DESCRIPTION OF THE TASK -
Nothing but the pictures is dropped; write out all the remaining data below exactly.

PROVIDED MATERIAL -
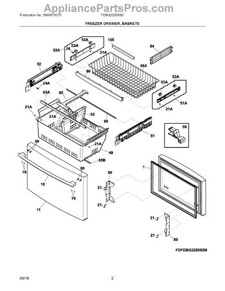Wire freezer basket installs in the freezer compartment to organize frozen foods. Replace a cracked, broken, or missing basket to restore storage space.
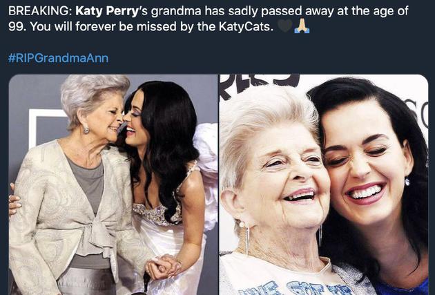 据外媒,“水果姐”凯蒂·佩里(Katy Perry)的祖母Ann Hudson于妇女节当天去世,年享99岁。另外,祖母去世前已经得知孙女怀孕的好消息,但是没有机会看到重孙(女)出世了。
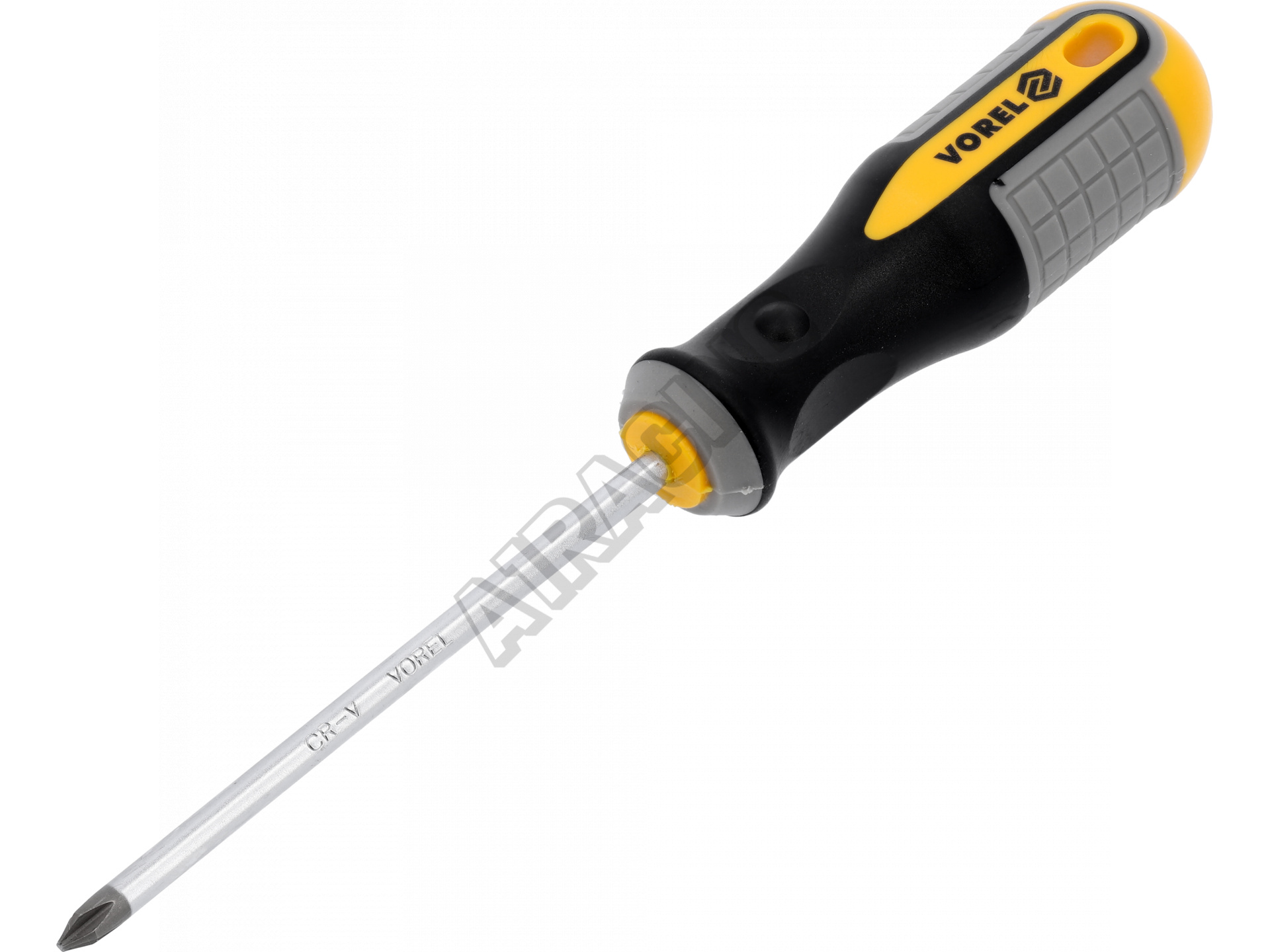 Křížový šroubovák PH1 x 100 mm. Vyrobeno z chrom-vanadiové CrV oceli. Špička má saténový povrch, dodatečně pískovaná a magnetizovaná, což umožňuje pevné uchopení hlavy šroubu. Rukojeť je vyrobena ze dvou kompozitního plastu. Otvor v rukojeti umožňuje zavěsit šroubovák.
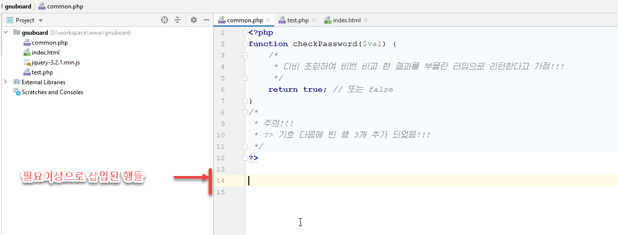 * ?> 기호 다음에 빈 행 2개 추가 되었음!!!

ANSWER AREA -
Wire freezer basket installs in the freezer compartment to organize frozen foods. Replace a cracked, broken, or missing basket to restore storage space.
 据外媒,“水果姐”凯蒂·佩里(Katy Perry)的祖母Ann Hudson于妇女节当天去世,年享99岁。另外,祖母去世前已经得知孙女怀孕的好消息,但是没有机会看到重孙(女)出世了。
 Křížový šroubovák PH1 x 100 mm. Vyrobeno z chrom-vanadiové CrV oceli. Špička má saténový povrch, dodatečně pískovaná a magnetizovaná, což umožňuje pevné uchopení hlavy šroubu. Rukojeť je vyrobena ze dvou kompozitního plastu. Otvor v rukojeti umožňuje zavěsit šroubovák.
 * ?> 기호 다음에 빈 행 2개 추가 되었음!!!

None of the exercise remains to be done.